Extracting coefficients from this now yields

$$(2n+2)! [z^{2n+2}] \frac{1}{2} \left(-\frac{1}{v}+2-\frac{1}{2}z\frac{1}{v} -v+\frac{1}{2}zv\right) \\ = \frac{1}{2} \left(-(-1)^{2n+2} - \frac{1}{2} (2n+2) (-1)^{2n+1} - 1 + \frac{1}{2} (2n+2) \right) \\ = \frac{1}{2} \left(-2 + (n+1) + (n+1)\right).$$

We thus have

$$\bbox[5px,border:2px solid #00A000]{Q_n = n.}$$

Observe that we may verify that the coeffcients of odd powers are zero. We obtain

$$(2n+1)! [z^{2n+1}] \frac{1}{2} \left(-\frac{1}{v}+2-\frac{1}{2}z\frac{1}{v} -v+\frac{1}{2}zv\right) \\ = \frac{1}{2} \left(-(-1)^{2n+1} - \frac{1}{2} (2n+1) (-1)^{2n} - 1 + \frac{1}{2} (2n+1)\right) \\ = \frac{1}{2} \left(- \frac{1}{2} (2n+1) + \frac{1}{2} (2n+1)\right) = 0.$$

The same kind of arithmetic works for $[z^0].$

Remark.
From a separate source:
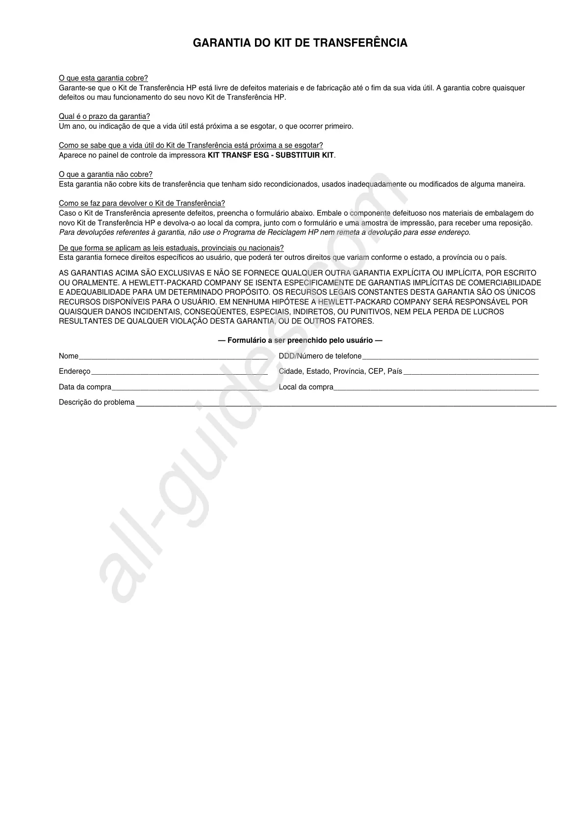 Garante-se que o Kit de Transferência HP está livre de defeitos materiais e de fabricação até o fim da sua vida útil. A garantia cobre quaisquer

The above used the technique of annihilated coefficient extractors (ACE), otherwise known as the substitution rule for formal power series. There are several more examples at this MSE link I and at this MSE link II and also here at this MSE link III.